S’agissant des charges, il convient de rappeler que les dépenses courantes d’alimentation, d’habillement, d’hygiène et ménagères, ainsi que les frais de santé, de transport et les menues dépenses courantes, outre les frais de réparation du véhicule, sont inclus dans le forfait de base.
Il convient également de rappeler que les dépenses courantes inhérentes à l’habitation, telles que les consommations et abonnements d’eau et d’électricité, le téléphone et l’assurance habitation, à l’exception du chauffage, sont incluses dans le forfait habitation.
Ainsi, au regard des éléments produits, la situation de Mme [M] [O] sera évaluée ainsi qu’il suit :
Ressources mensuelles :
*salaire : 2322,53 euros ;
*prime d’activité : 114,41 euros ;
*pension alimentaire : 100 euros,
soit un total mensuel d’un montant de 2536,94 euros.
Dépenses courantes mensuelles :
*logement : 528 euros ;
*forfait de base : 844 euros ;
*forfait chauffage : 164 euros ;
*forfait habitation : 161 euros ;
*charges courantes : 150 euros,
soit un total mensuel d’un montant de 1847 euros,
ce dont il résulte :
*un maximum légal de remboursement (quotité saisissable) de : 835 euros ;
*un minimum légal à laisser à sa disposition (ressources – quotité saisissable) de : 1701,94 euros ;
*une capacité effective de remboursement (ressources – dépenses courantes) de : 689,94 euros.
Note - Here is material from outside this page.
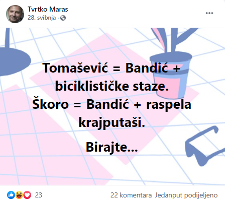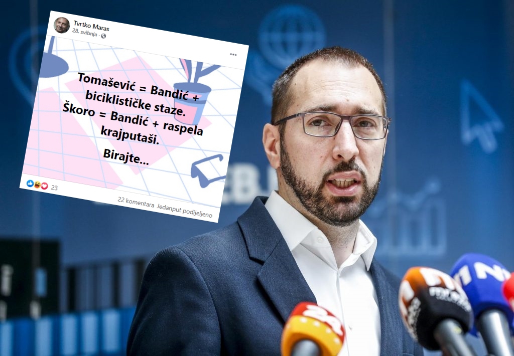 Naime, gospodin Maras, vlasnik Progmar istraživanja, na društvenim mrežama objavio je nekoliko šala na račun zagrebačkog gradonačelnika, a posebno se izdvaja formula “Tomašević = Bandić + biciklističke staze”.

Ainsi, au vu de l’absence de justification d’éléments nouveaux susceptibles d’impacter la situation de Mme [M] [O] de façon significative, il conviendra de confirmer la décision de la Commission de surendettement du 22 avril 2025, qui a fait une exacte appréciation de la situation de l’intéressée.
PAR CES MOTIFS
Le juge des contentieux de la protection, statuant publiquement, par décision réputée contradictoire et en premier ressort ;
DÉCLARE recevable le recours en contestation de Mme [M] [O] à l’encontre des mesures imposées élaborées par la Commission de surendettement des particuliers de l’Ain ;
Et au fond, LE REJETTE ;
CONFIRME les mesures imposées par la commission de surendettement des particuliers de l’Ain en son avis rendu le 22 avril 2025 aux fins de traiter la situation de surendettement de Mme [M] [O] et leur confère force exécutoire ;
DIT que faute pour la débitrice de respecter les mesures fixées et quinze jours après l’envoi d’une mise en demeure restée infructueuse d’avoir à exécuter ses obligations, le présent réaménagement sera caduc ;
RAPPELLE que Mme [M] [O] est tenue, sous peine de déchéance des mesures de traitement de sa situation de surendettement, de :
• s’abstenir d’actes qui aggraveraient sa situation financière, notamment en recourant de nouveaux emprunts ou des achats à crédit, y compris à l’aide de cartes accréditives ;
• ne pas exécuter d’actes de disposition étrangers la gestion normale de son patrimoine, notamment en se portant caution ;
RAPPELLE qu’en cas de changement significatif de situation (dégradation/amélioration), nécessitant une révision du plan d’aménagement des dettes, le débiteur pourra déposer à tout moment un nouveau dossier à la [2] ;
DIT que les dépens resteront à la charge de l’État ;
RAPPELLE que le présent jugement est de droit exécutoire à titre provisoire et s’oppose à la poursuite de toute procédure d’exécution concernant les dettes de ce plan.